» **What is needed**
Return the listing below unchanged, minus its pictures.

» **Data section**
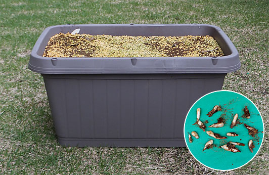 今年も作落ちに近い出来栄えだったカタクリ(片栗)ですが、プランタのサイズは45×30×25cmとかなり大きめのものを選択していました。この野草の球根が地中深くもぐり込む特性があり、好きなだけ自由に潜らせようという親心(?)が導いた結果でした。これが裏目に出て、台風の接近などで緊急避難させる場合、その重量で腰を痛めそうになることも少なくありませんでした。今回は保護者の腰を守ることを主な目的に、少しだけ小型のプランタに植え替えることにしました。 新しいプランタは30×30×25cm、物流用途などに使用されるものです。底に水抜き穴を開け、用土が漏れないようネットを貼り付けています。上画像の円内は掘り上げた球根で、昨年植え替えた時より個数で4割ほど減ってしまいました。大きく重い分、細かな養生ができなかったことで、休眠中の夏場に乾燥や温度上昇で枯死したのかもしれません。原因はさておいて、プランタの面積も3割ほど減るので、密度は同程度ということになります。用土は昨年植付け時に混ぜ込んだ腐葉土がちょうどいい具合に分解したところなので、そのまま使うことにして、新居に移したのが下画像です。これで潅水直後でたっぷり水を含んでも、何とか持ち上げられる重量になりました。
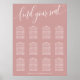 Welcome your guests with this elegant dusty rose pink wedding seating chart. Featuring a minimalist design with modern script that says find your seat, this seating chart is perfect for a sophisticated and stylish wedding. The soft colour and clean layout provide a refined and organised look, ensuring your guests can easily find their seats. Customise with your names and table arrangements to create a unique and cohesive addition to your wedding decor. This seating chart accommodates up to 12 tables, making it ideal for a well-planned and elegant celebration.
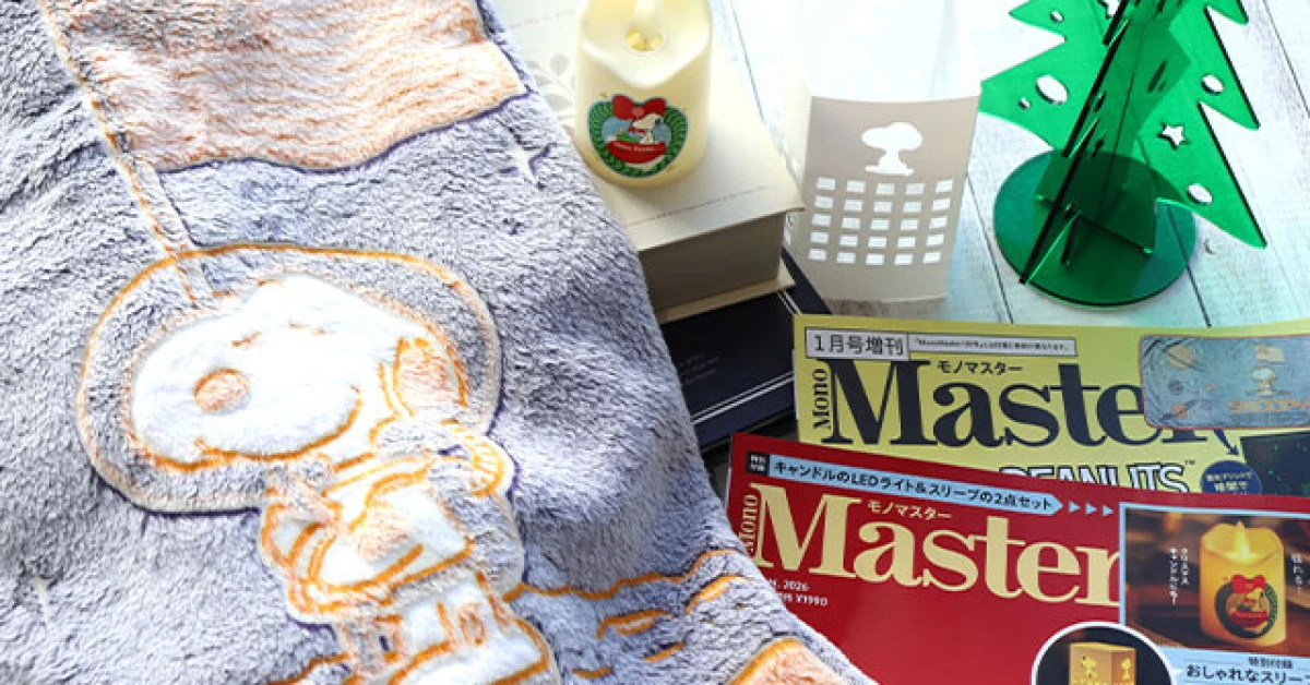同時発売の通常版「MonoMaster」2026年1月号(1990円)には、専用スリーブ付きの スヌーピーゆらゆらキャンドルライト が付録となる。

» **Response**
 今年も作落ちに近い出来栄えだったカタクリ(片栗)ですが、プランタのサイズは45×30×25cmとかなり大きめのものを選択していました。この野草の球根が地中深くもぐり込む特性があり、好きなだけ自由に潜らせようという親心(?)が導いた結果でした。これが裏目に出て、台風の接近などで緊急避難させる場合、その重量で腰を痛めそうになることも少なくありませんでした。今回は保護者の腰を守ることを主な目的に、少しだけ小型のプランタに植え替えることにしました。 新しいプランタは30×30×25cm、物流用途などに使用されるものです。底に水抜き穴を開け、用土が漏れないようネットを貼り付けています。上画像の円内は掘り上げた球根で、昨年植え替えた時より個数で4割ほど減ってしまいました。大きく重い分、細かな養生ができなかったことで、休眠中の夏場に乾燥や温度上昇で枯死したのかもしれません。原因はさておいて、プランタの面積も3割ほど減るので、密度は同程度ということになります。用土は昨年植付け時に混ぜ込んだ腐葉土がちょうどいい具合に分解したところなので、そのまま使うことにして、新居に移したのが下画像です。これで潅水直後でたっぷり水を含んでも、何とか持ち上げられる重量になりました。
 Welcome your guests with this elegant dusty rose pink wedding seating chart. Featuring a minimalist design with modern script that says find your seat, this seating chart is perfect for a sophisticated and stylish wedding. The soft colour and clean layout provide a refined and organised look, ensuring your guests can easily find their seats. Customise with your names and table arrangements to create a unique and cohesive addition to your wedding decor. This seating chart accommodates up to 12 tables, making it ideal for a well-planned and elegant celebration.
同時発売の通常版「MonoMaster」2026年1月号(1990円)には、専用スリーブ付きの スヌーピーゆらゆらキャンドルライト が付録となる。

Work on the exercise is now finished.